In the terminate, I'k glad that Matt Weiner actually deigned to open upMeditations, read 1 of O'Hara'due south poems, and find resonance between "Mayakovsky" and the "story of the season," as he termed it. The exposure thatMad Men potentially gave O'Hara, and poetry in general, is immense. The viewership for the episode that bears the proper noun of O'Hara'south 1957 collection totaled around 1.75 million people, and seasons 5–vii would garner northward of 3 million viewers for its premieres and finales. This mass medium beaming poesy into people's homes, fifty-fifty fleetingly, makes me happy. And more than importantly, it has the potential to open up doors to poesy for novices and new readers.
Enormous platform aside, his anecdote of how Meditations came to be so important in the show illustrates a duality that's inherent to all discussions of "pop" culture. On the ane hand, when Weiner, like Kaur, focuses so heavily on the artful of books, of the associatedobjets d'fine art that books can sometimes become, he substantially fetishizes poetry in a style that is no better than beret-sporting, finger-snapping cartoons. (To be off-white, I kind of dig snapping at readings.) In other words, he makes information technology weird and niche.
Simply on the other hand, as I say and so often in this space, whatever it takes to bring people to art, man. We know nosotros aren't supposed to, but we gauge books past their covers all the fourth dimension. Sometimes that leads to amazing things! I may have even bought my first volume of poetry because the painting on the front intrigued me (which reminds me… a whole post on that NYC poet and his ain pop-cultural intersections is in lodge). Sometimes the pitch that a embrace makes has far-reaching effects. Information technology can find new audiences.
Like the poet, the advertising human being is consistently tasked with speaking about and to his ain time. He must situate personal concerns and questions—the strivings and desires of consumers—in their larger culture. So, too, does the show ask us to think almost Betty'due south pregnancy crunch confronting the properties of a push button for women's rights, about Don'southward desire for a détente with his wife against the white-knuckle doubtfulness of a missile scare. It's marvelous to watch the prove make these moves and use O'Hara'south wonderful book every bit a tentpole.

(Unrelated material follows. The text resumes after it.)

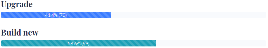 When asked if they would rather upgrade an old rig or build a new one (assuming 5-year project economics were similar), over 40% would still choose to upgrade.  Although the majority would prefer to build a new rig, the large proportion of “upgraders” indicates that uncertainty in the industry’s long-term outlook remains.

If you lot, too, are interested in the collection'south aesthetic, it is indeed possible to discover some copies (at a toll, of course).

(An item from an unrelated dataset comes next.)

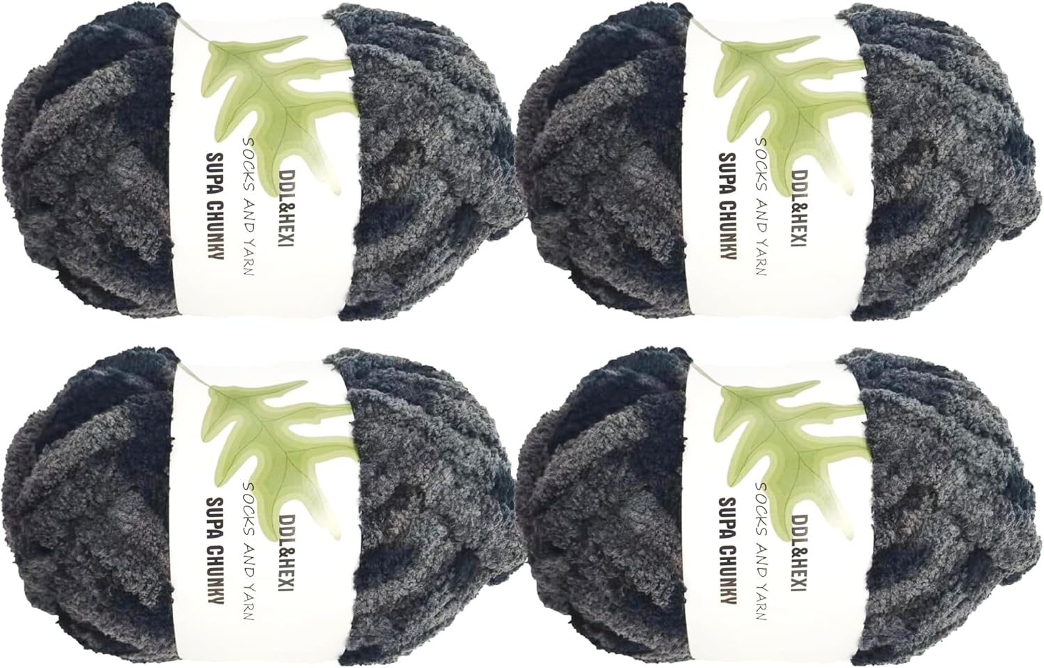 DDL&HEXI 4 Pack Super Chenille Chunky Yarn for Hand Knit, Blanket Making Kit, Jumbo Knitting, 4x8oz (226g) per Bag, Soft Polyester for Crochet, Knitting, and DIY Projects (213-4)

A Grove Press offset edition similar the one Don reads in S02E01 is available for a cool $1,890. I also wonder if the show has driven up prices for this snazzy, minimalist original printing.

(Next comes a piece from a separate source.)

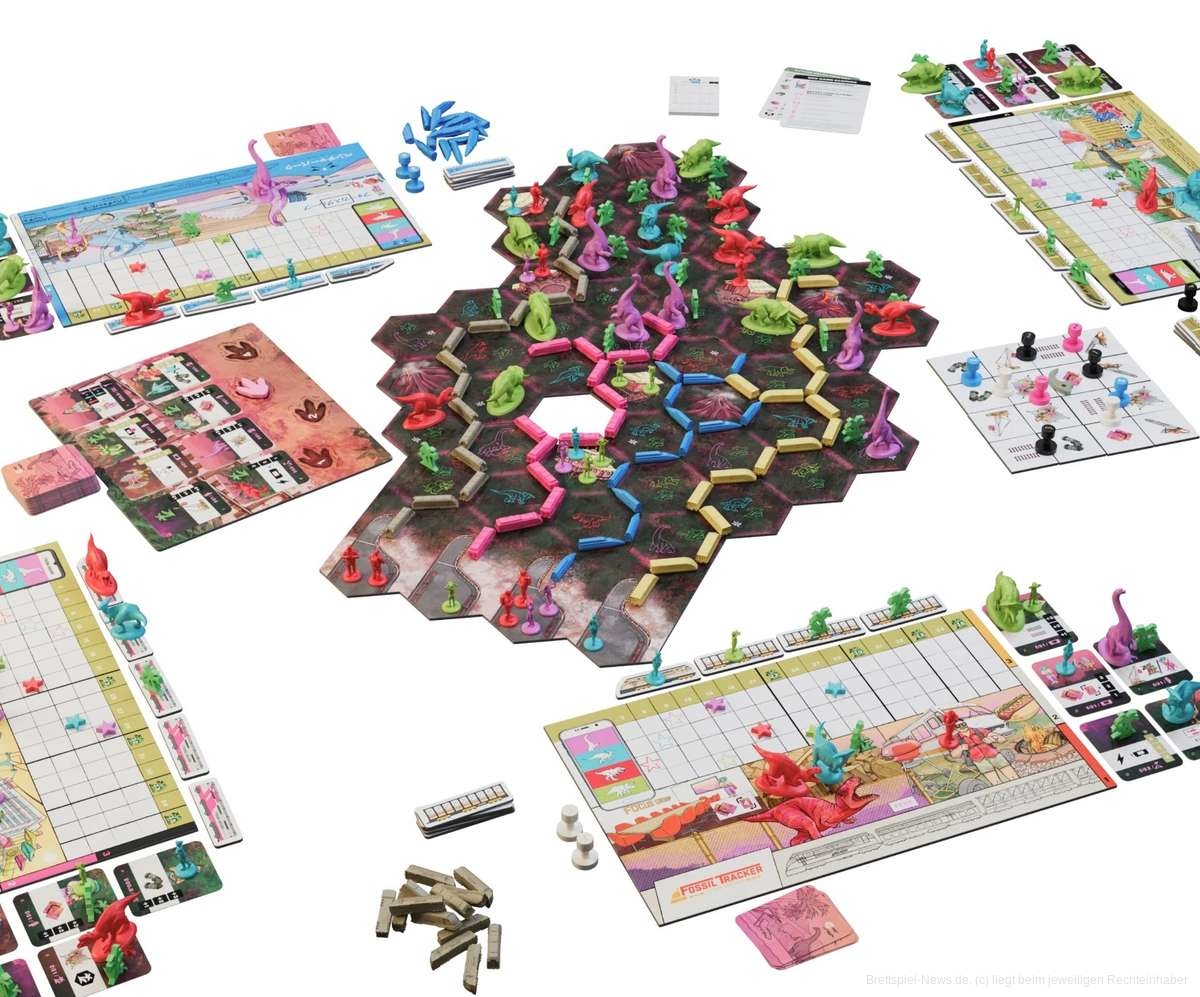 Cretaceous Rails kombiniert auf innovative Weise doppelte Arbeiter-Einsetzmechaniken, Streckenbau, Tableaubildung und Ressourcenmanagement. Nutze die Schätze des prähistorischen Dschungels, um das perfekte Zusammenspiel aus Attraktionen und Fähigkeiten zu schaffen und dir so den Weg zu möglichst vielen Punkten zu bahnen.

If yous'd like to own the collection merely are looking for something in a more than feasible price range, The 1996 Grove Press reissue graces my bookshelf and is bachelor for $9 to $14.
In the title verse form of the collection, O'Hara writes:
Each time my heart is broken it makes me feel more audacious (and how the same names keep recurring on that interminable list!), only ane of these days in that location'll exist null left with which to venture along.
Very Don Draper, yes?
Without ruin, we can lose the impetus to rebuild; without crunch, nosotros tin can forget the sweetness of hard-won peace. O'Hara, time and again in the collection that weaves itself through Mad Men's second season, reminds u.s. that each fourth dimension nosotros face up an emergency, private or public, nosotros are blindingly, mercifully, still alive.